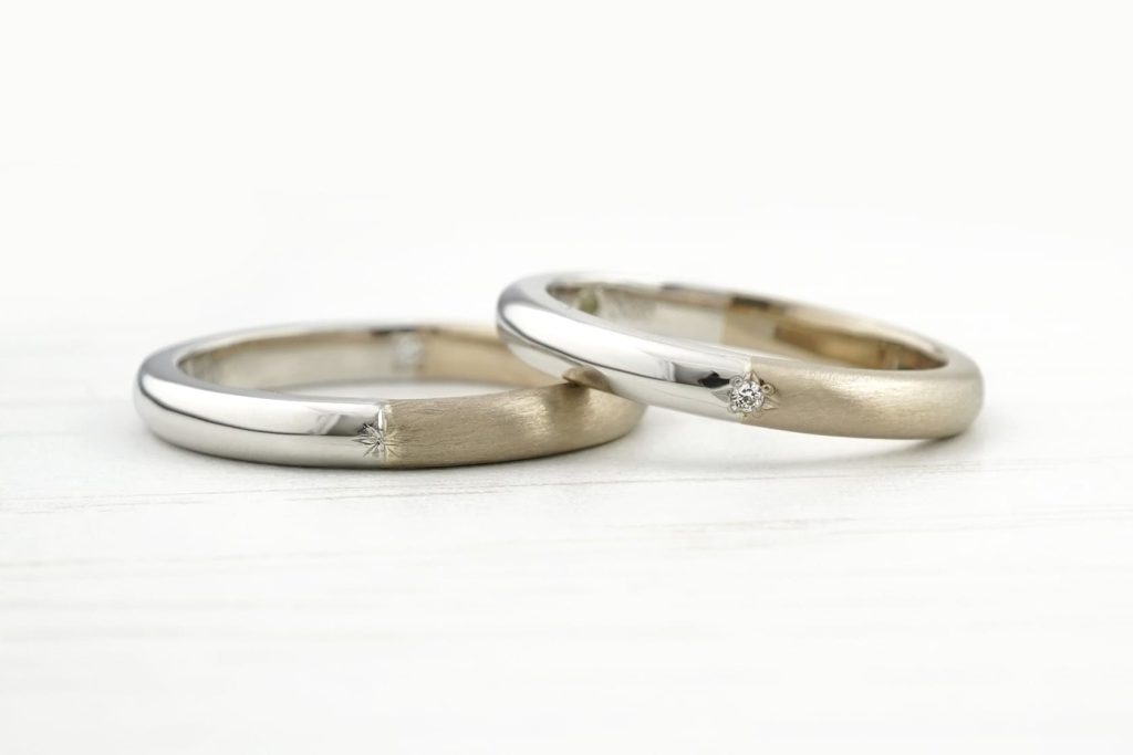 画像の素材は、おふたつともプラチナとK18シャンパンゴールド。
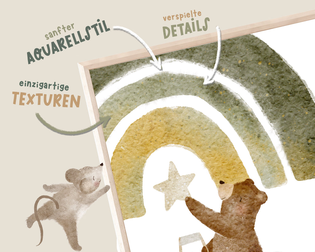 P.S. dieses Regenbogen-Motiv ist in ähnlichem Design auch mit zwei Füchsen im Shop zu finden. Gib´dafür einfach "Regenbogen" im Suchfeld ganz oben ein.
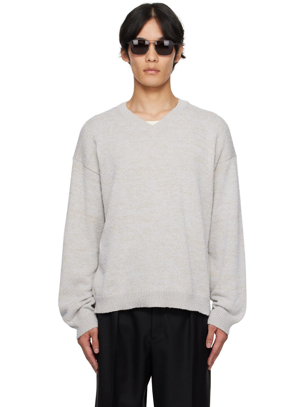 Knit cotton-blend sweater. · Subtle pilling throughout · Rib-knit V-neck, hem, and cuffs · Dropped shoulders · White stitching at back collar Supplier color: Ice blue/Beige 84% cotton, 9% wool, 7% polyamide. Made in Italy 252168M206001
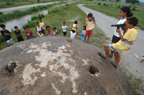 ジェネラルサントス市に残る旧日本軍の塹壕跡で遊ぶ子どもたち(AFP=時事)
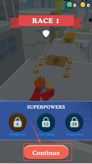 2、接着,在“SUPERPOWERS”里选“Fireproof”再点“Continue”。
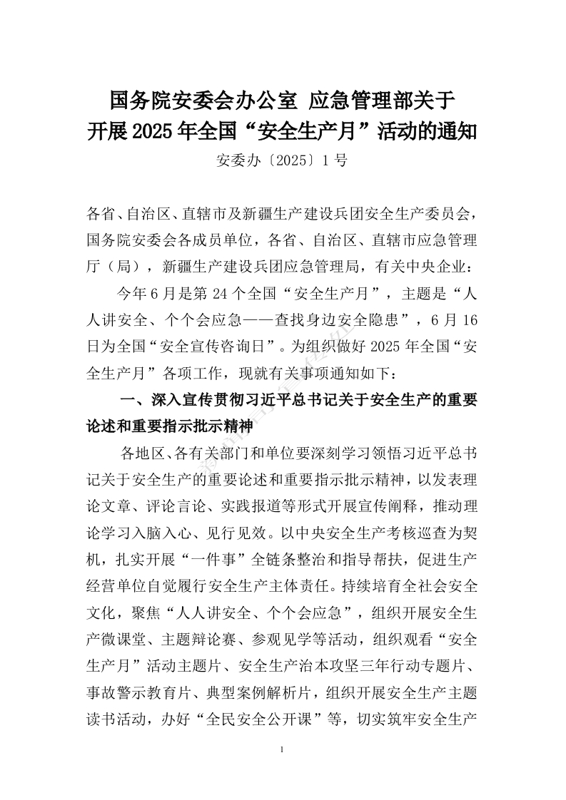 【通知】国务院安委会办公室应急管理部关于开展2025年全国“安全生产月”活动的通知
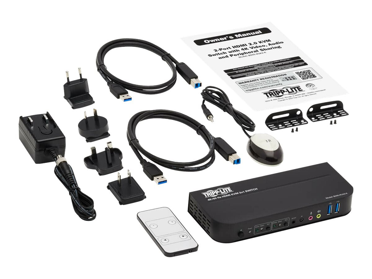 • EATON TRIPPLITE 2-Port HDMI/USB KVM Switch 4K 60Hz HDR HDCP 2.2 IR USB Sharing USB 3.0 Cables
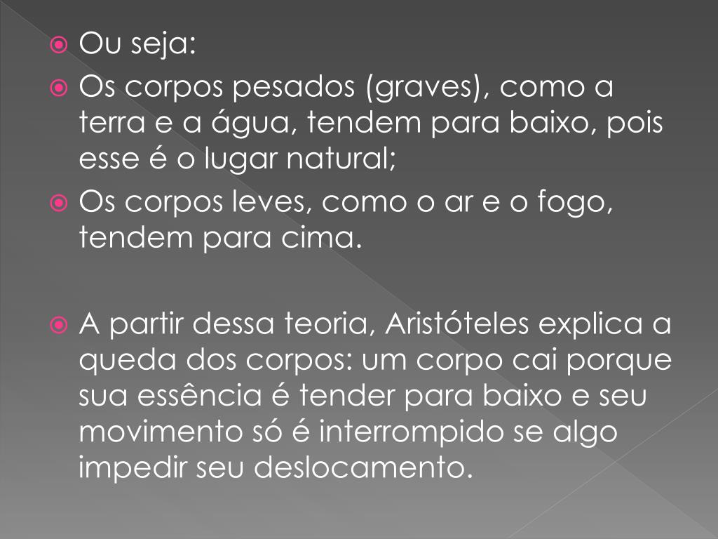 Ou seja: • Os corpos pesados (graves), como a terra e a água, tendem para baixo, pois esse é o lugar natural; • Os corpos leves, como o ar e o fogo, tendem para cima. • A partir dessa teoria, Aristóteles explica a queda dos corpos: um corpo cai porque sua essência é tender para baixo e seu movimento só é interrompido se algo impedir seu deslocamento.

### YOUR INSTRUCTIONS
Reproduce everything above exactly, images excluded.

### RESULT
 画像の素材は、おふたつともプラチナとK18シャンパンゴールド。
 P.S. dieses Regenbogen-Motiv ist in ähnlichem Design auch mit zwei Füchsen im Shop zu finden. Gib´dafür einfach "Regenbogen" im Suchfeld ganz oben ein.
 Knit cotton-blend sweater. · Subtle pilling throughout · Rib-knit V-neck, hem, and cuffs · Dropped shoulders · White stitching at back collar Supplier color: Ice blue/Beige 84% cotton, 9% wool, 7% polyamide. Made in Italy 252168M206001
 ジェネラルサントス市に残る旧日本軍の塹壕跡で遊ぶ子どもたち(AFP=時事)
 2、接着,在“SUPERPOWERS”里选“Fireproof”再点“Continue”。
 【通知】国务院安委会办公室应急管理部关于开展2025年全国“安全生产月”活动的通知
 • EATON TRIPPLITE 2-Port HDMI/USB KVM Switch 4K 60Hz HDR HDCP 2.2 IR USB Sharing USB 3.0 Cables
 Ou seja: • Os corpos pesados (graves), como a terra e a água, tendem para baixo, pois esse é o lugar natural; • Os corpos leves, como o ar e o fogo, tendem para cima. • A partir dessa teoria, Aristóteles explica a queda dos corpos: um corpo cai porque sua essência é tender para baixo e seu movimento só é interrompido se algo impedir seu deslocamento.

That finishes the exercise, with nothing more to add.